Implement a function to reverse a string without using built-ins

Section titled “Implement a function to reverse a string without using built-ins”

Use two pointers or character array manipulation to reverse the string by swapping characters from both ends.

Interview Example:

// Method 1: Using two pointers with char array
public static String reverseString(String str) {
if (str == null || str.length() <= 1) {
return str;
}
char[] chars = str.toCharArray();
int left = 0;
int right = chars.length - 1;
while (left < right) {
// Swap characters
char temp = chars[left];
chars[left] = chars[right];
chars[right] = temp;
left++;
right--;
}
return new String(chars);
}
// Method 2: Using recursion
public static String reverseStringRecursive(String str) {
if (str == null || str.length() <= 1) {
return str;
}
return reverseStringRecursive(str.substring(1)) + str.charAt(0);
}
// Method 3: Using manual character building
public static String reverseStringManual(String str) {
if (str == null) {
return null;
}
char[] result = new char[str.length()];
for (int i = 0; i < str.length(); i++) {
result[i] = str.charAt(str.length() - 1 - i);
}
return new String(result);
}
// Test cases
System.out.println(reverseString("Hello")); // "olleH"
System.out.println(reverseString("Java Programming")); // "gnimmargorP avaJ"
System.out.println(reverseString("a")); // "a"
System.out.println(reverseString("")); // ""
System.out.println(reverseStringRecursive("Interview")); // "weivretnI"
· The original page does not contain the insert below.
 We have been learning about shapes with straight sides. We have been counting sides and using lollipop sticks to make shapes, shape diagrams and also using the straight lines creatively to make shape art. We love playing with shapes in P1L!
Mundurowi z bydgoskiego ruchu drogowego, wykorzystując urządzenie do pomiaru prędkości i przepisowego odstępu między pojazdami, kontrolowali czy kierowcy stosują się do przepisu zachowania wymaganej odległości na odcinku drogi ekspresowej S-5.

Time Complexity: O(n), Space Complexity: O(n) for char array.

Implement string compression (e.g., “aaabb” → “a3b2”)

Section titled “Implement string compression (e.g., “aaabb” → “a3b2”)”
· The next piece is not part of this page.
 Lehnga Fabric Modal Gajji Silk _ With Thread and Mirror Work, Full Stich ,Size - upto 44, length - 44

Count consecutive characters and append character followed by count. Return original if compressed version is not smaller.

Interview Example:

// Method 1: Standard compression
public static String compressString(String str) {
if (str == null || str.length() <= 1) {
return str;
}
StringBuilder compressed = new StringBuilder();
int count = 1;
for (int i = 1; i < str.length(); i++) {
if (str.charAt(i) == str.charAt(i - 1)) {
count++;
} else {
compressed.append(str.charAt(i - 1)).append(count);
count = 1;
}
}
// Append last character group
compressed.append(str.charAt(str.length() - 1)).append(count);
// Return original if compressed is not smaller
return compressed.length() < str.length() ?
compressed.toString() : str;
}
// Method 2: Only append count if > 1
public static String compressString2(String str) {
if (str == null || str.length() <= 1) {
return str;
}
StringBuilder compressed = new StringBuilder();
int count = 1;
for (int i = 1; i < str.length(); i++) {
if (str.charAt(i) == str.charAt(i - 1)) {
count++;
} else {
compressed.append(str.charAt(i - 1));
if (count > 1) {
compressed.append(count);
}
count = 1;
}
}
compressed.append(str.charAt(str.length() - 1));
if (count > 1) {
compressed.append(count);
}
return compressed.toString();
}
// Method 3: Decompress (bonus)
public static String decompressString(String str) {
StringBuilder result = new StringBuilder();
for (int i = 0; i < str.length(); i++) {
char ch = str.charAt(i);
if (Character.isDigit(ch)) {
int count = ch - '0';
char prevChar = result.charAt(result.length() - 1);
for (int j = 1; j < count; j++) {
result.append(prevChar);
}
} else {
result.append(ch);
}
}
return result.toString();
}
// Test cases
System.out.println(compressString("aaabb")); // "a3b2"
System.out.println(compressString("aabcccccaaa")); // "a2b1c5a3"
System.out.println(compressString("abc")); // "abc" (not smaller)
System.out.println(compressString("aabbcc")); // "aabbcc" (same length)
System.out.println(compressString("aaaaaaa")); // "a7"
System.out.println(compressString2("aaabb")); // "a3b2"
System.out.println(compressString2("abc")); // "abc"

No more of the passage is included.